Daniil Lukich Mordovtsev (Даниил Лукич Мордовцев; December 19, 1830 in Danilovka, Don Host Oblast, Russian Empire – June 23, 1905 in Kislovodsk, Russian Empire) was a Russian writer and historian.

==Biography==
Mordovtsev was born in Danilovka, Volgograd Oblast, Russia. Mordovtsev's father was a Don Cossack and an estate manager. Mordovtsev spent his childhood in Don Host Oblast, where he learned in school. He graduated from the faculty of history and philology at St. Petersburg University in 1854.

Mordovtsev's literary debut came in the mid-1850s. His first work was the poem The Cossacks and the Sea (1854, published 1859). He began writing in Russian in the 1860s his first novels. His novella New Russian People (1868) dealt with the Narodniks and their cause, and with the position of raznochintsy intellectuals, as did the novel Signs of the Times (1869), although Mordovtsev did not share the views of the Narodniks. His historical novels were widely read; (The False Dmitry, 1879; Tsar Peter and the Regent Sophia, 1885; The Tsar and the Hetman, 1880; Lord Novgorod the Great, 1882; For Whose Sins?, 1890); these novels demonstrated Mordovtsev's democratic leanings. He served for more than thirty years as an official in Saratov and was the editor of the Saratov Provincial News. He contributed to several popular journals, including Russian Word, Notes of the Fatherland, and Affairs.

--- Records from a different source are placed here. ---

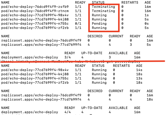 그래서 Status를 보면 Terminating, Pending, Running의 상태를 확인할 수 있다.
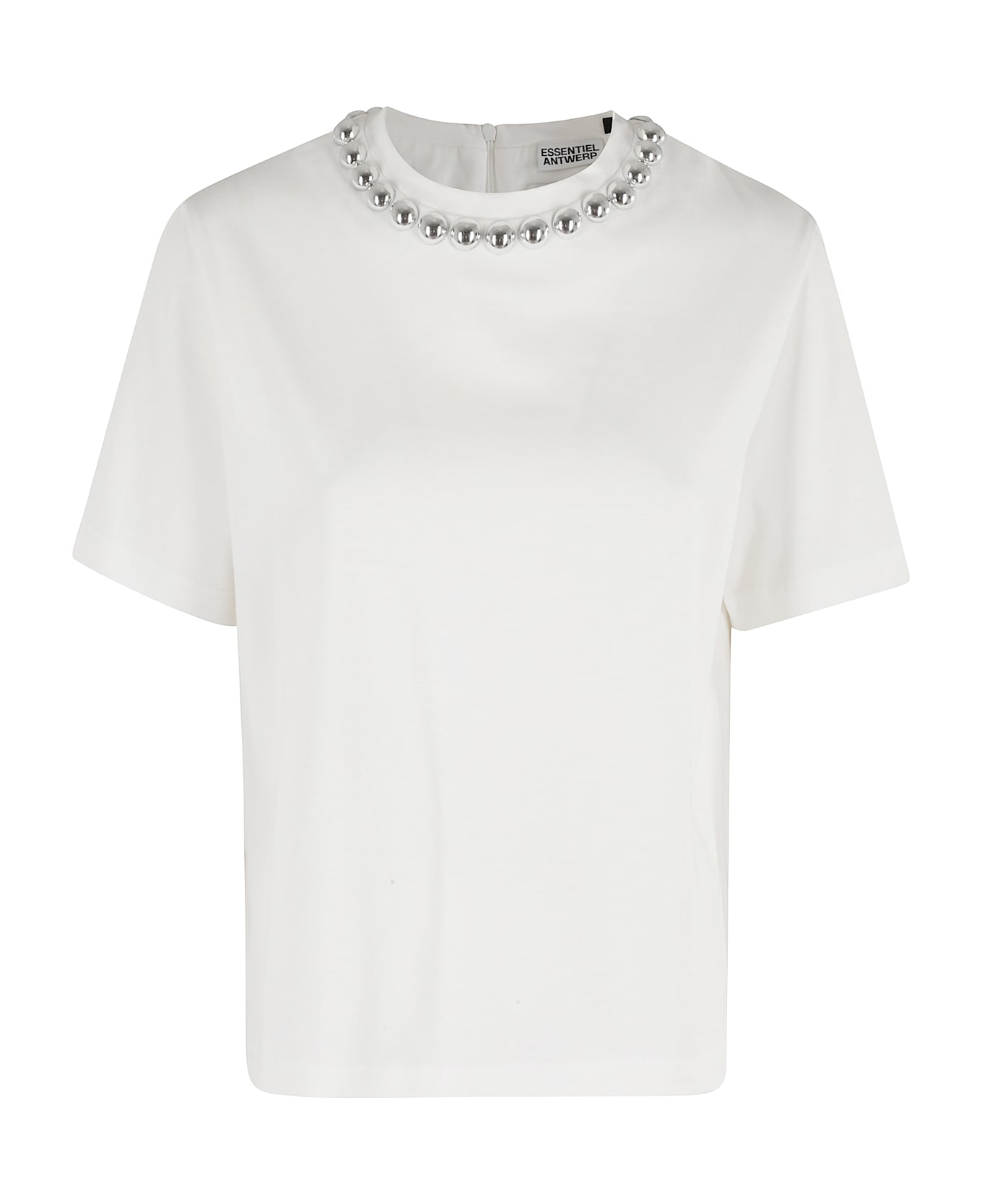 T-shirt - Essentiel Antwerp - Intense silver balls pattern - Off white color - Short sleeves - Crew neck with pearl applique - Back zipper closure
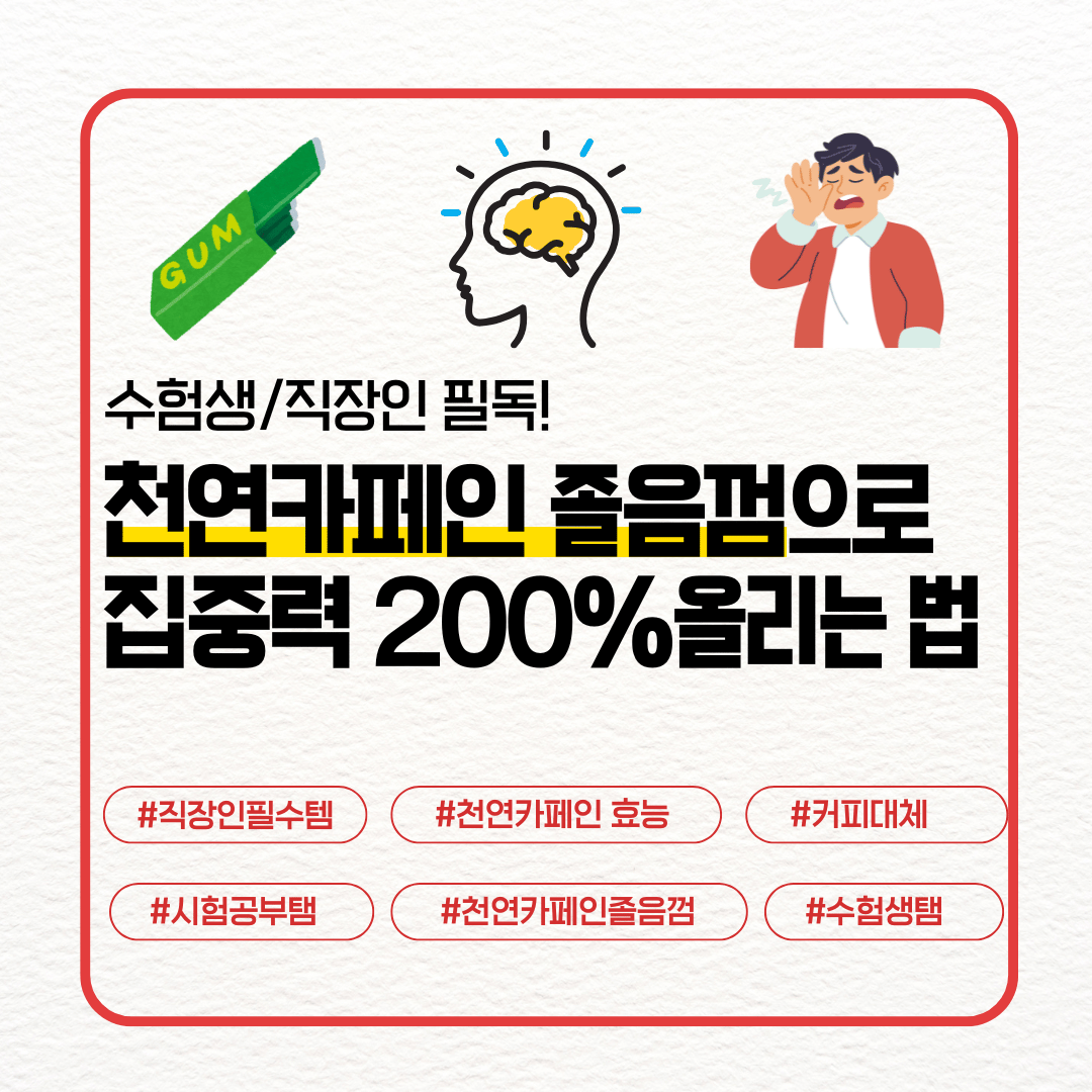 요즘 SNS나 편의점에서 자주 보이는 ‘천연카페인 졸음껌’. 단순히 졸음 방지용 껌이 아니라, 커피보다 깔끔하게 집중력을 유지시켜주는 아이템으로 입소문을 타고 있다.
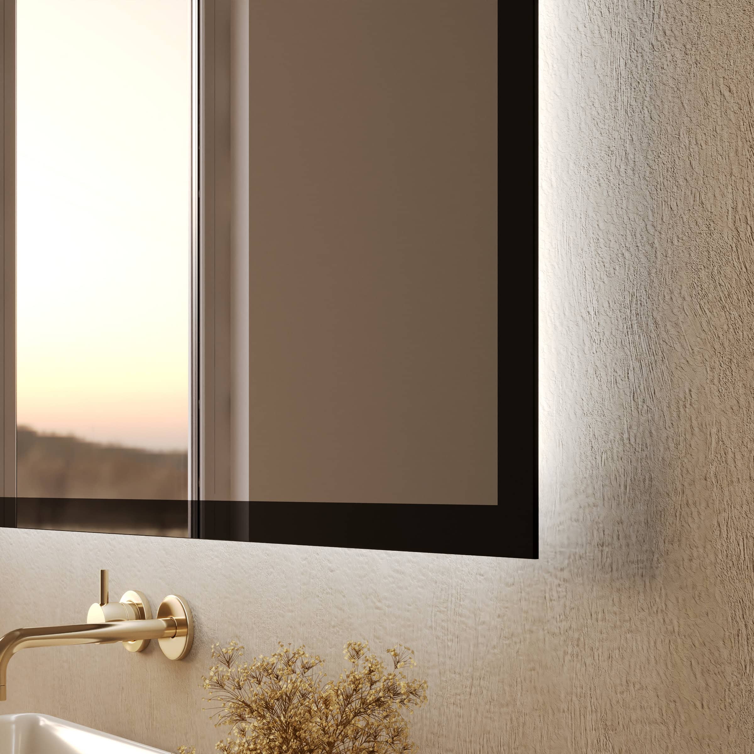 Erleben Sie Manufakturqualität, die Bestand hat. Konfigurieren Sie jetzt Ihren persönlichen Badspiegel Aurea mit schwarzem Glasrahmen und Beleuchtung.
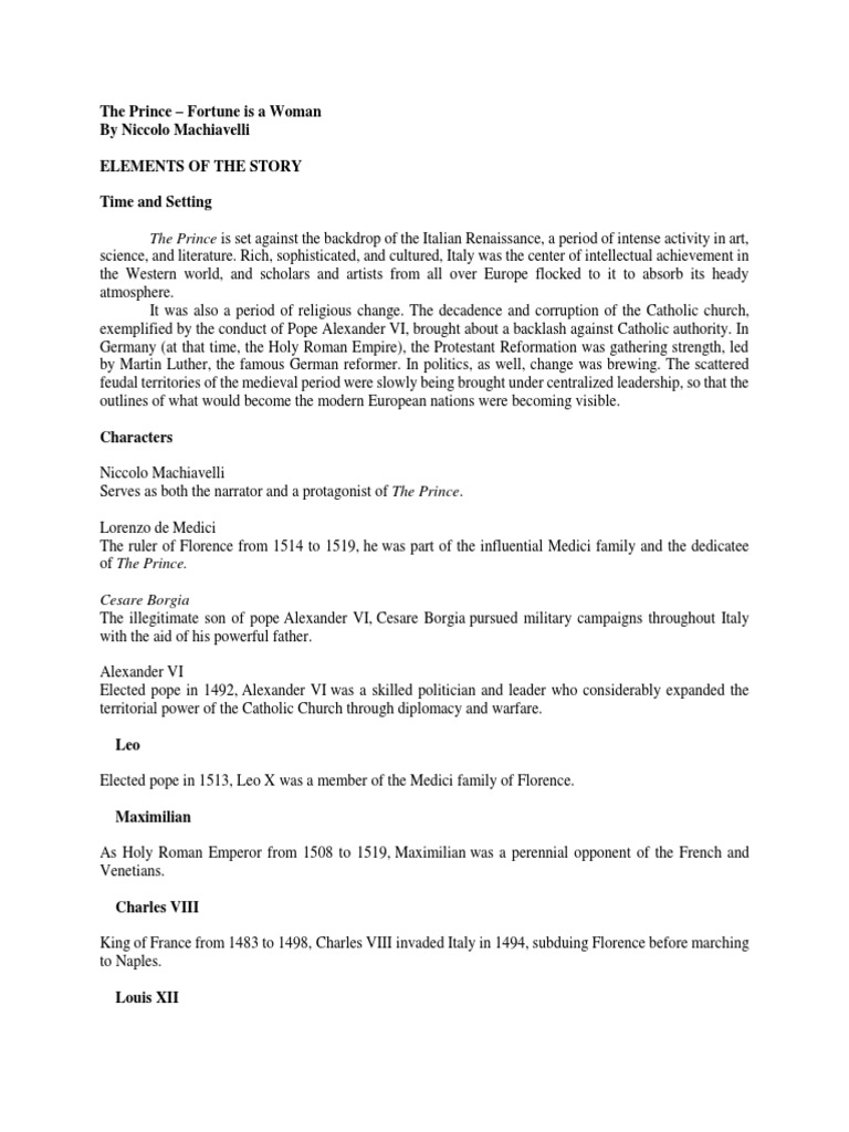 The Prince is set against the backdrop of the Italian Renaissance, a period of intense activity in art,

Mordovtsev also published many historical works, such as Impostors and the Freemen of the Lower Reaches (1867), The Haidamak Uprising (1870), Political Movements of the Russian People (2 vols, 1871), and On the Eve of Freedom (1872, published 1889), and his memoirs, From My Past and Experiences (1902, written in Ukrainian), in which he tells of his meetings with Taras Shevchenko and Nikolay Chernyshevsky. His historical works were received favorably in St. Petersburg academic circles, and he was even considered for a position on the faculty of St. Petersburg University.